How do you ensure that only one “copy” of a worker will be active in a multi node otp application?

How to ensure that only one “copy” of worker will be active in a multi node otp application?
We created some tasks to update KPIs that will trigger on a set timed interval (ex: 60 seconds).
That’s why to avoid duplication and extra resources usage, only one per worker type need to be up running accross all nodes.

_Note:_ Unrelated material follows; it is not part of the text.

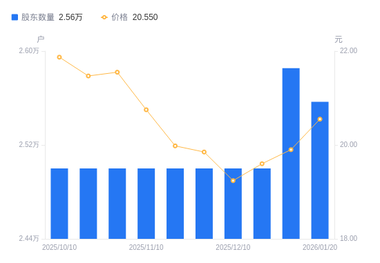 2月3日消息,数据显示,截至2026年1月30日,瑞普生物A股股东总户数为2.62万户,较上期(2026年1月20日)增加647户,增幅2.53%。公司最新A股总股本为4.65亿股,其中流通A股3.35亿股,户均持有流通A股数量为1.28万股,较上期减少323.36股,降幅2.47%;户均持流通A股市值25.45万元,较上期减少1.47万元,降幅5.46%。

defmodule MyApp.Application do
  @moduledoc """
  Application Settings.
  """

  use Application

  def start(_type, _args) do
    import Supervisor.Spec

    children = [
      supervisor(MyApp.Repo, []),
      supervisor(MyApp.Endpoint, []),
      worker(Guardian.DB.Token.SweeperServer, []),
      worker(MyApp.Services.UserAgents.Server, []),
      worker(MyApp.Services.IPs.Server, [])
    ]

    opts = [strategy: :one_for_one, name: MyApp.Supervisor]
    Supervisor.start_link(children, opts)
  end
end
1 Like

Would Raft be applicable to your use case?

2 Likes

Also will throw this in. I’ve made use of it. You can logically solve your use case but will find you want a lib probly to handle all the various situations that can arise

You can probably get started with OTPs global

Note this relies on :global so it isn’t resistant to netsplits. If you already have a DB that supports locks you could use that in addition to this to get a robust combo. Or, in fact, just have the task run on all nodes and rely entirely on locks + a “last updated” timestamp to avoid duplicate updates.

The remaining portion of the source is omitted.